◆ **Your instructions**:
Lines before the one containing "屋根勾配を生かした吹き抜けの" are not copied; that line and every one after it, through the end of the material below, are printed exactly, without pictures.

◆ **Data provided**:

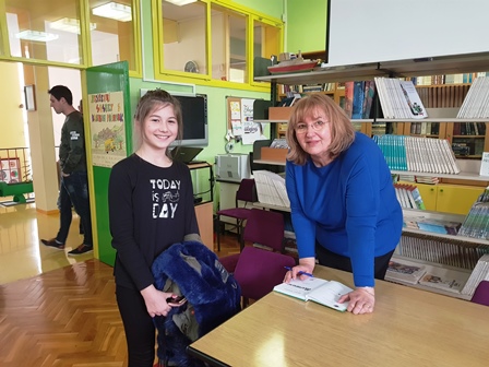 Naša školska kulturno-jezična manifestacija trajala je do 22. ožujka kada smo ugostili književnicu Branku Primorac, autoricu rado čitane lektire Maturalac. Književnica je po drugi put posjetila našu školu i naišla na srdačan doček. Naime, učenici 7. c uprizorili su ulomak iz njezinog romana, učenice 8. a Petra Bužančić i Mia Banjan izradile su majstorski plakat s motivima iz spomenute lektire, a učenica Mia Kelava (8. a) pripremila je kratak uvod i pozdravila književnicu. Gospođa Primorac govorila je o svom životu, kako i zašto je počela pisati, kako su nastala njezina djela... Izlaganje je upotpunila zanimljivim detaljima iz privatnoga života, a učenike je zadivio podatak da nikada nije bila na „maturalcu“ o kojem je tako uvjerljivo pisala. Zatim su uslijedila brojna pitanja učenika kojii su pokazali veliko zanimanje za ovaj književni susret.
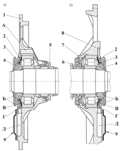 Рисунок 2.5 – Подшипниковые узлы ТЭД НБ-514Б [15]: а – со стороны коллектора; б – со стороны, противоположной коллектору; 1, 8 – подшипниковые щиты; 2 – уплотнительные кольца; 3 – подшипниковые крышки; 4 – лабиринтные кольца; 5, 6 – внутренних втулок; 7 – внутренней крышки
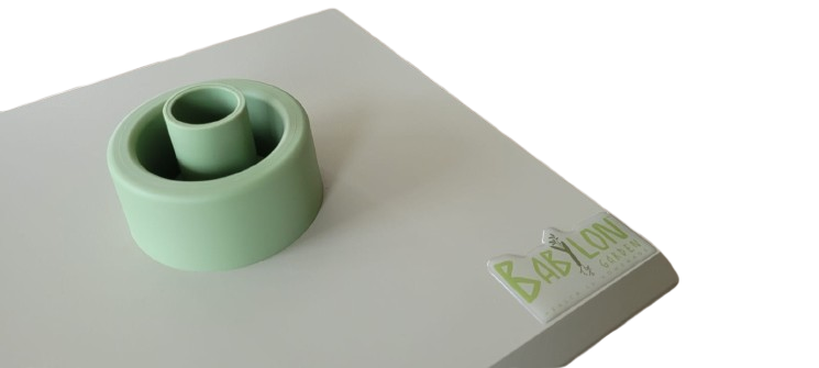 Babylon Garden is an innovative modular hydroponic system for growing micro plants . It consists of 4 trays , mounted vertically with a total height of 34 cm . Each of them consists of: Ishtar tray, grid, lid with non-stick coating, vertical support tube, MDF support. The Babylon Garden set includes as a gift :
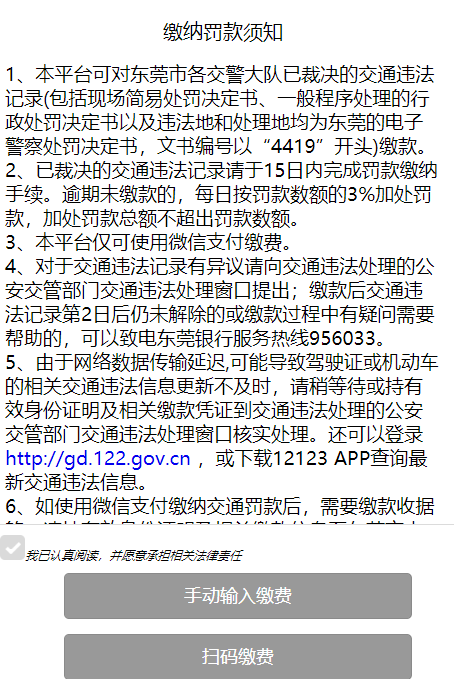 1、缴纳平台可对东莞市各交警大队已裁决的交通违法记录(包括现场简易处罚决定书、一般程序处理的行政处罚决定书以及违法地和处理地均为东莞的电子警察处罚决定书,文书编号以“4419”开头)缴款。
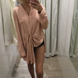 Cute button down blouse in a peachy pink color. STYLE STALKER brand. Originally $110. BNWT can be worn multiple ways. Will fit a xs/s
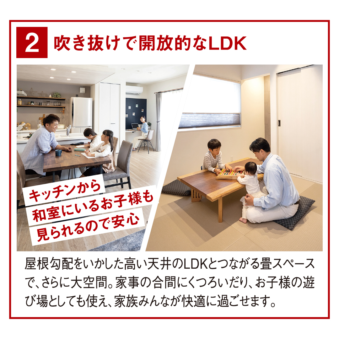 屋根勾配を生かした吹き抜けのあるLDKとつながる畳スペースで贅沢な開放感のある空間は、家族みんなの憩いの場になります。
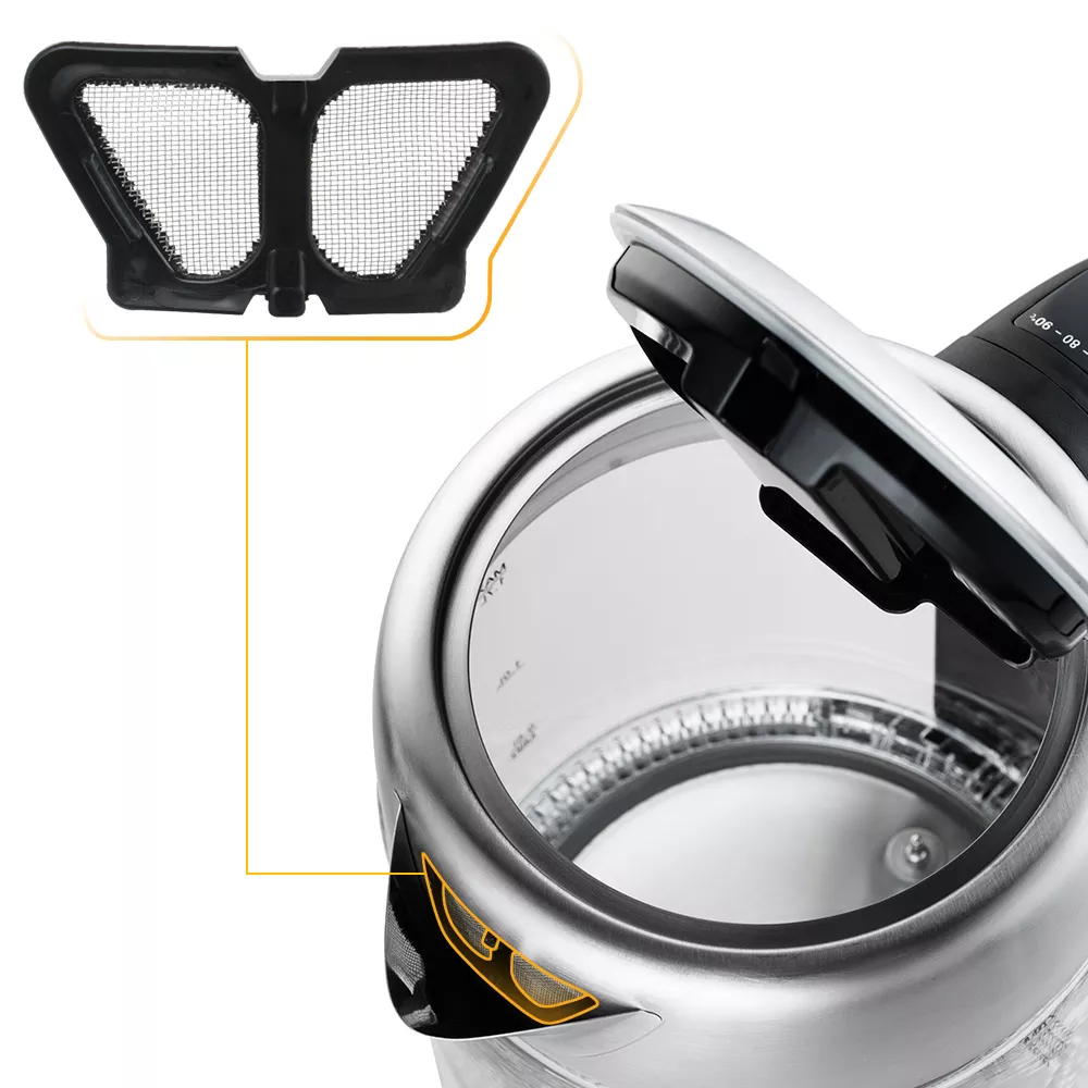 Чайник имеет большое горлышко, что облегчает доступ внутрь при мытье, а также съёмный фильтр-сетку для защиты от накипи.

◆ **Response area**:
 屋根勾配を生かした吹き抜けのあるLDKとつながる畳スペースで贅沢な開放感のある空間は、家族みんなの憩いの場になります。
 Чайник имеет большое горлышко, что облегчает доступ внутрь при мытье, а также съёмный фильтр-сетку для защиты от накипи.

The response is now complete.